Note - when you save data in Matlab (using save(fileName, 'variableName')), some compression happens automatically. This leads to an interesting and surprising result. When you take each of the above variables and save them to file using Matlab's save, the file sizes in bytes become:
number_1 195
compressed1 202
compressed2 213
compressed3 219
compressed3b 222
compressed4 256
compressed5 252
On the other hand, if you create a binary file yourself using
fid = fopen('myFile.bin', 'wb');
fwrite(fid, compressed1)
fclose(fid)
It will by default write uint8, so the file sizes are 130, 17, 130, 34, 34 -- sparse arrays cannot be written in this way. It still shows the "complicated" compression having the best compression.

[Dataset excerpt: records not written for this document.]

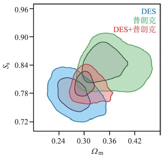 DES系列工作中最重要的一项是,与普朗克卫星最新CMB 测量结果进行了比较。CMB 是在宇宙大爆炸约38 万年后光与物质脱耦时残留的辐射,故普朗克探测高红移(z~1100)宇宙。但是,DES测量的是最近的宇宙,红移z 为0.2~1.3。要审视普朗克和DES 结果是否一致,需要在标准宇宙学模型框架内外推宇宙演化史(从z~1100 到z~1)。在实验误差内,两者显现较好的一致性(图2),也佐证了标准宇宙学模型的预测能力。虽然这一成功值得赞颂,但人们还是期望实验上发现对ΛCDM 模型的偏离,从而提供些暗物质和暗能量新的蛛丝马迹。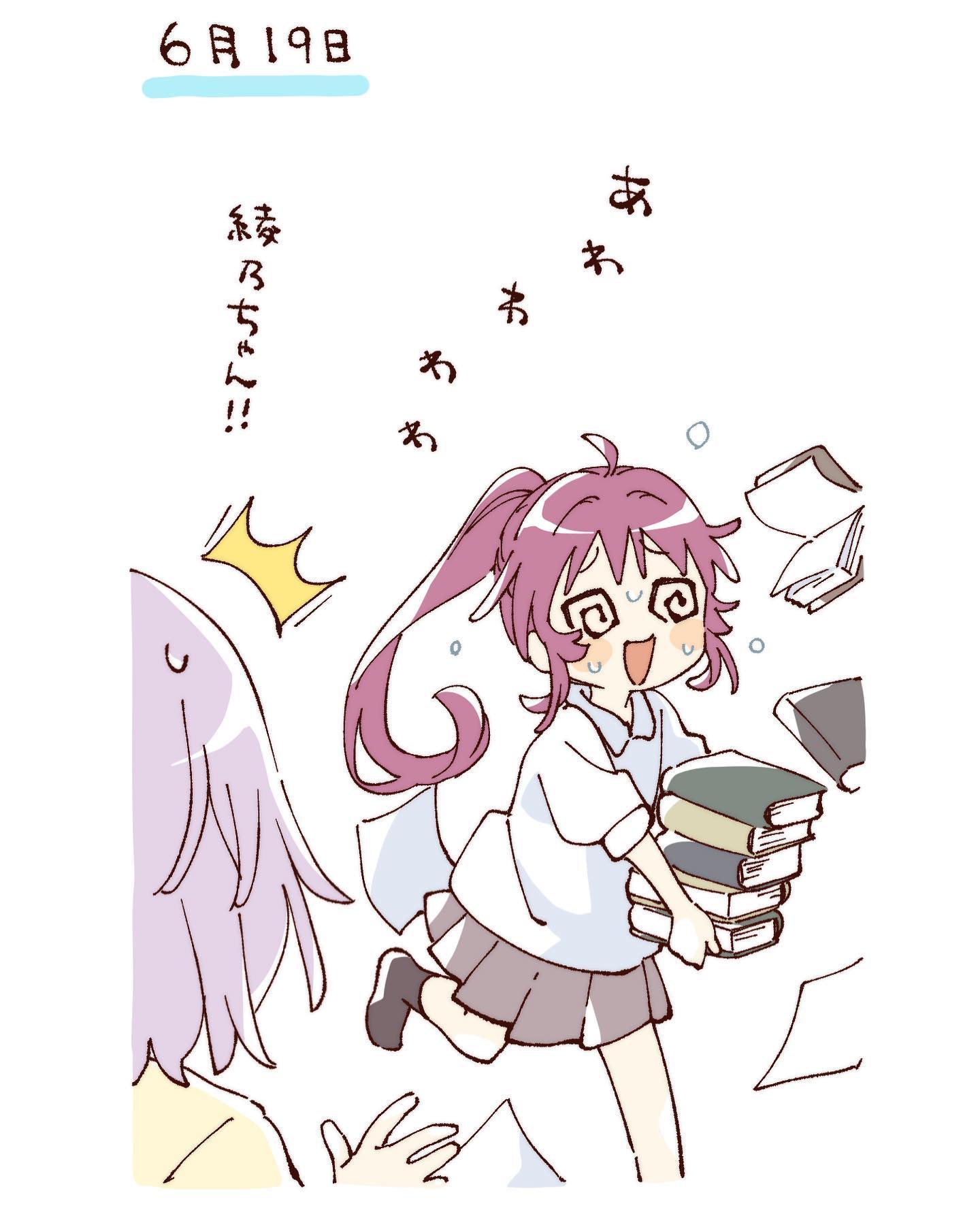 :d1boy2girlsahogeblack socksblush stickersbookbook stackcollared shirtcropped legsgrey hairgrey skirtholdingholding booklong hairmultiple girlsno shoesopen mouthpleated skirtponytailpurple hairshirtshort hairshort sleevessimple backgroundskirtsmilesocksspiral-only eyessweatwhite backgroundwhite shirt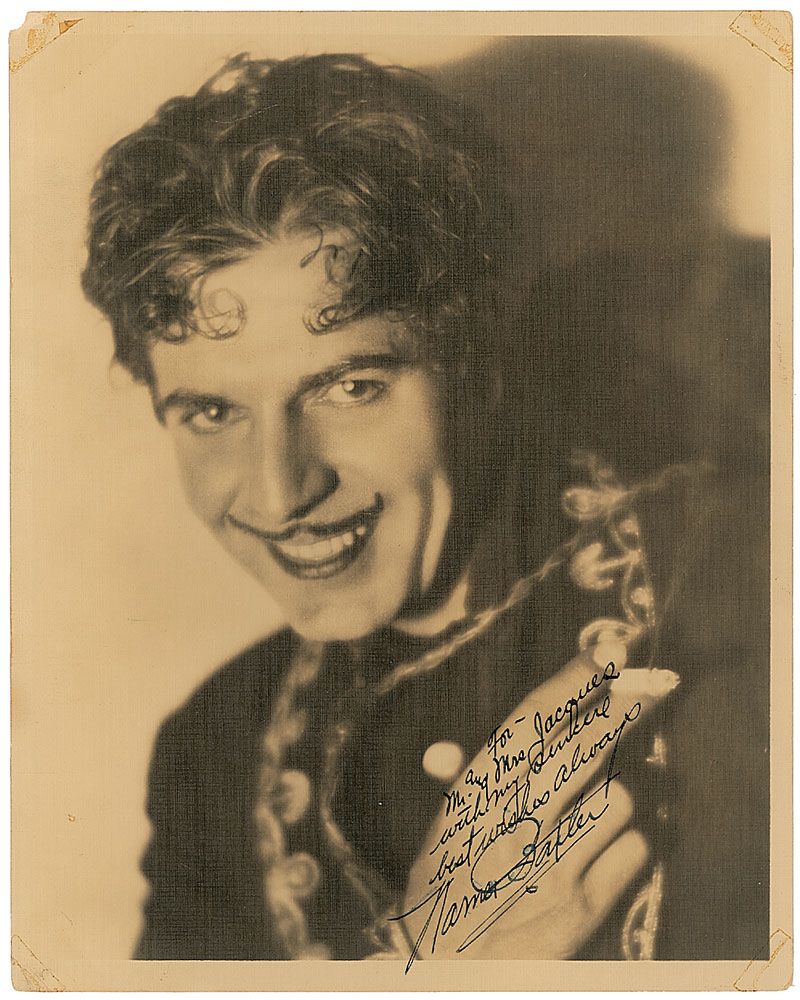 Vintage matte-finish 8 x 10 photo of Baxter in his Academy Award-winning role as the Cisco Kid, signed and inscribed in fountain pen, “For—Mr. and Mrs. Jacques, with my sincere best wishes always, Warner Baxter.” Mounting and old tape remnants to corner tips, a missing corner tip, a couple horizontal creases to left edge, and a bit of mild rippling, otherwise fine condition.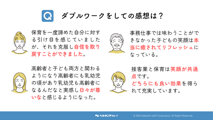 大阪市淀川区 - 保育に特化した人材サービスを提供するベルサンテスタッフ株式会社(本社:大阪市淀川区、代表取締役:中野 栄造)は、保育士不足が深刻化する中、新しい働き方として注目されている「ダブルワーク」についてデプスインタビューを実施しました。この調査結果を2024年12月26日に公開いたします。調査した結果、取材者の100%が今の働き方に満足しており、今後もこの働き方を続けたいという結果があきらかになりました。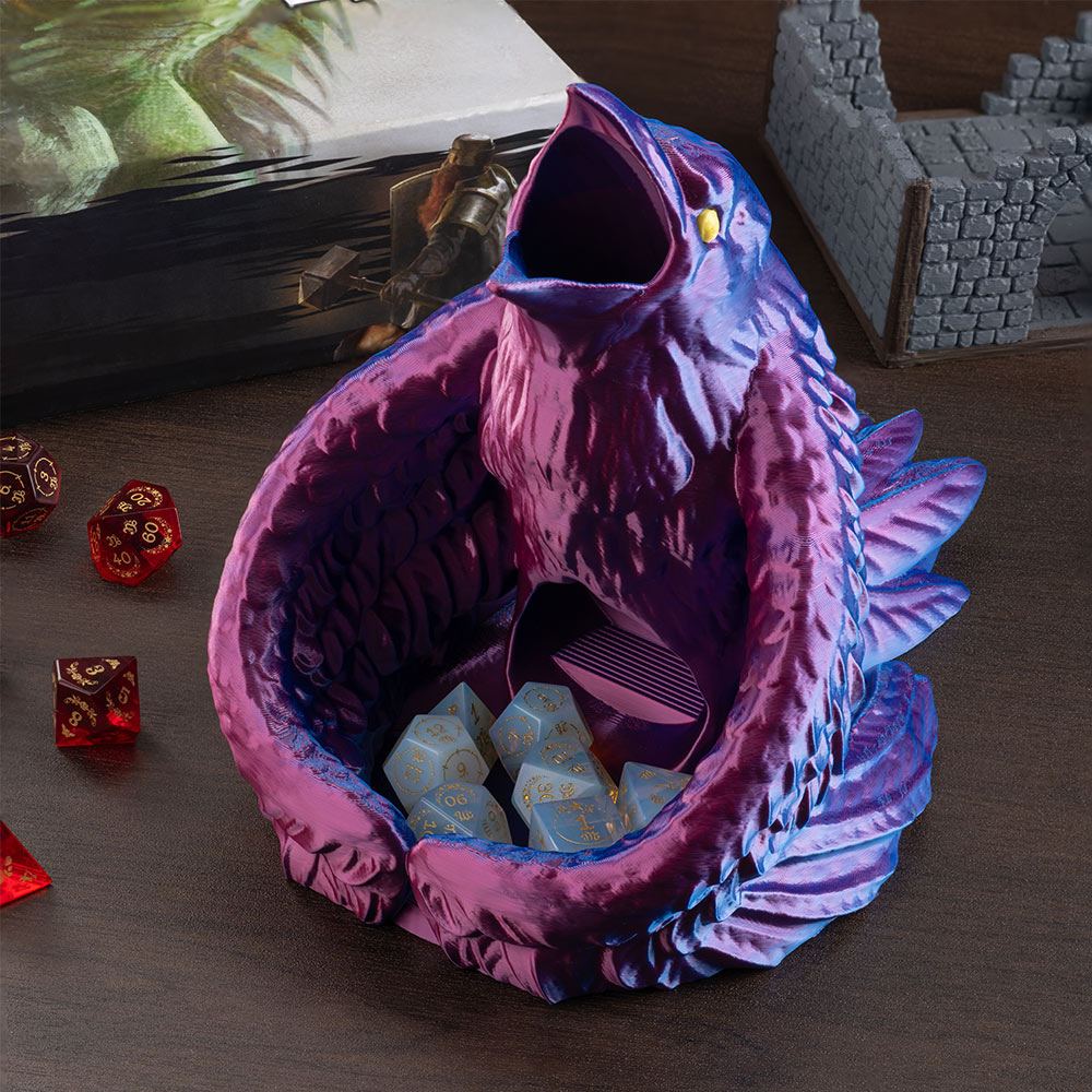 This dice tower is inspired by the delicate Raven shape and uses full-color high-precision 3D printing technology to present feather textures and three-dimensional contours, with every detail as vivid as a sculpture. The appearance has both a fantastic atmosphere and artistic sense, serving as both a practical dice rolling tool and an eye-catching decorative piece on the desktop. Optional colors and personalized customization options make it the exclusive accessory or centerpiece of your role-playing set's collection display.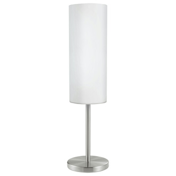 Cette élégante lampe de table Troy d'Eglo est en métal avec un abat-jour droit en opaline blanche. La source lumineuse contient une douille E27. Il s'agit d'une grande douille. Avec cette lampe élégante, vous créez une ambiance agréable dans le salon selon vos préférences. Elle est également idéale sur une table de chevet. Ce produit est vendu sans ampoule, vous choisissez donc vous-même la couleur de lumière qui convient à votre salon. Cette lampe est dimmable si vous optez pour une ampoule dimmable (max. 60 W). En résumé : la lampe de table Troy est une source de lumière agréable pour le salon.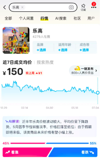 闲鱼平台显示,近半年乐高价格波动较大,平均价呈下降趋势,5月隐季节性销售淡季,价格回落至低位,假期即将来临,该类商品未来价格有望小幅上涨。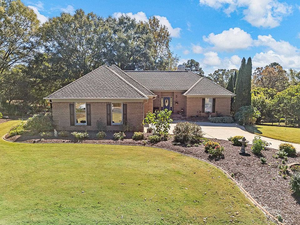 Welcome to this beautiful one-owner, all-brick 3-bedroom, 2.5 bath home perfectly situated on the 5th fairway in the highly sought-after River Falls Plantation, a Gary Player Signature Golf Community. This home offers an open floor plan, gleaming hardwood floors throughout the living, dining, kitchen and hallway areas, plus breathtaking golf course views from multiple rooms.  An extra-wide front stoop welcomes you with space for seasonal décor and planters, enhanced by motion-detecting lights for convenience and security. Step through the front door to find vaulted ceilings, recessed lighting, and a cozy gas log fireplace that anchor the living room. A built-in wet bar area makes this space ideal for entertaining or relaxing after a day on the course. There is room for guests to hang their jackets in the coat closet, then have a seat and enjoy the views!  The formal dining room features inlaid hardwood flooring and a sparkling crystal chandelier, creating a perfect setting for special dinners. The expansive covered deck overlooks the lush, landscaped backyard providing year-round enjoyment in a peaceful setting.  The primary suite offers private access to the covered porch, his-and-her closets, and a spa-like ensuite with dual sinks, a step-up jetted tub with waterfall faucet, separate shower, linen closet, and private water closet. The two guest bedrooms, one which is spacious enough to create a sitting or desk area and a full bath are conveniently located on the opposite side of the home for privacy.  The kitchen, which is open to a bright breakfast area, is both beautiful and functional, featuring refinished Cocoa Cherry cabinets, granite countertops, tile backsplash, walk-in pantry, and two additional storage closets. A nearby laundry closet with shelving adds extra convenience.  Need more space? The finished lower level includes a half bath and a flex space that can be customized to fit your lifestyle—whether it’s a media room, gym, or hobby area. The half bath can easily be converted to a full bath, making this ideal for guests or the teenager in the family.  This level opens to a covered patio and Aluminum fenced backyard (installed in 2024), with a separate entrance for golf cart storage and easy course access. The unfinished basement area offers endless potential for expansion or additional storage, complete with shelving and a walkout to the backyard. Several outlets to the crawl space makes access easier.   Let's not forget the energy efficient tankless water heater which ensures you will never run out of hot running water.  Outside, you’ll find a gardener’s paradise with Confederate Roses, Rose of Sharons, Butterfly Bushes, Lantana, Angel Trumpets, plus a variety of Hydrangeas, Hibiscus and more—truly a yard worthy of a “Yard of the Month” award!  You'll also enjoy the firepit, perfect for those chilly evenings.   Conveniently located near shopping, restaurants, medical offices, and major highways, this home combines comfort, elegance, and convenience—all within one of the area’s most distinguished golf communities.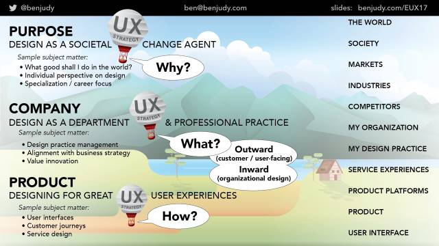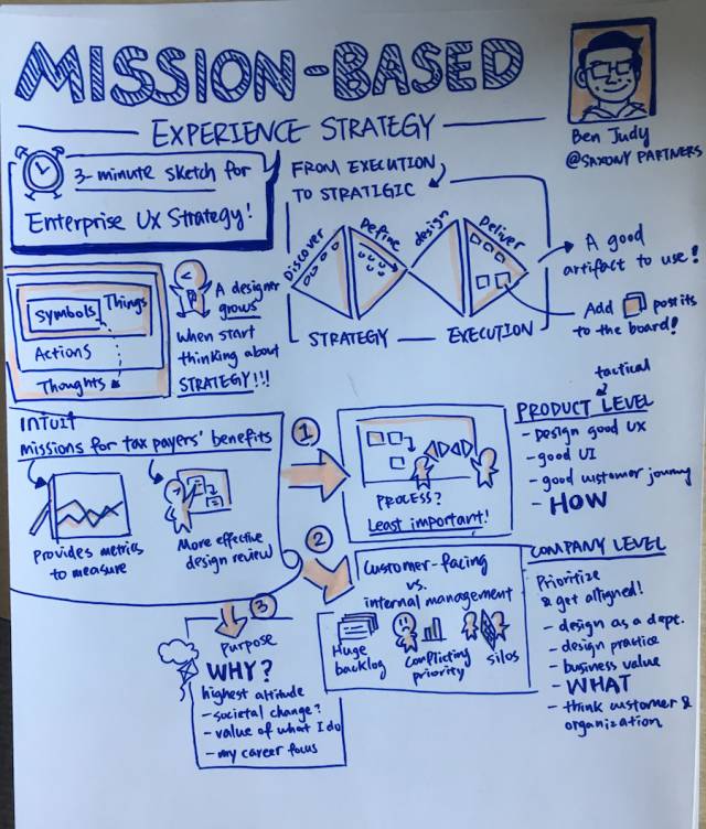 这些想法当然在我工作的两年多中逐渐发生变化,但是,直到前些日子才有了质的变化。我在 UXPin 组织的 Enterprise Virtual Summit,一个针对企业设计师的线上会议中听了 Ben Judy 的 talk: Mission-Based Experience Strategy,突然醍醐灌顶,非常有共鸣和帮助,对自己之前的想法推翻了很多,开始比较主动的去重新看公司的这些我以前比较排斥的东西,思考作为企业环境里的设计师应该如何成长。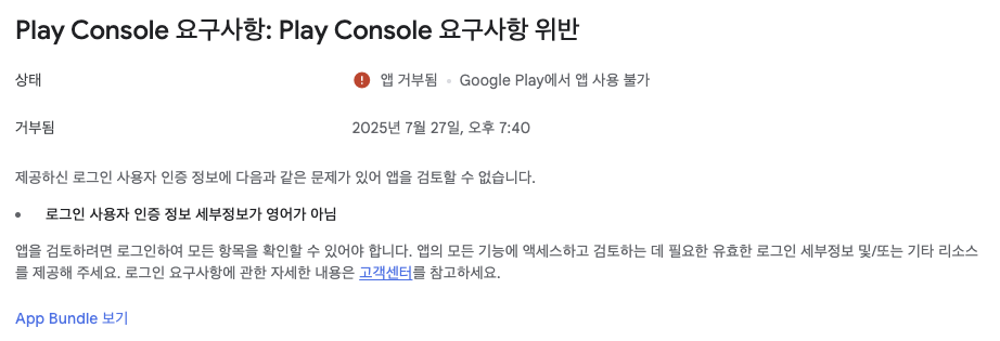 구글에서 제공해준 스크린샷 확인 결과 번역의 문제로 판단된다. 로그인에 필요한 정보가 하나가 아니라 상세 정보를 통해 로그인 방법을 설명했다. 그 과정에서 "길동"과 같이 한글로 된 테스트 계정을 제공했는데, 심사 과정에서 "길동"이 아닌 "Gil-Dong"을 사용하여 문제가 되었다.

First of all, you can use the find function to get all non-zero indices of your array, instead of doing it manually. More info here: http://www.mathworks.com/help/matlab/ref/find.html
Anyways, you will need not only matrix but also the original size. So when you pass matrix into whatever, you must also pass in length(number_1). This is because matrix will not tell you how many 0s there were after the last 1. You can figure it out by subtracting the last value of matrix from the original length (there might be an off-by-one error there).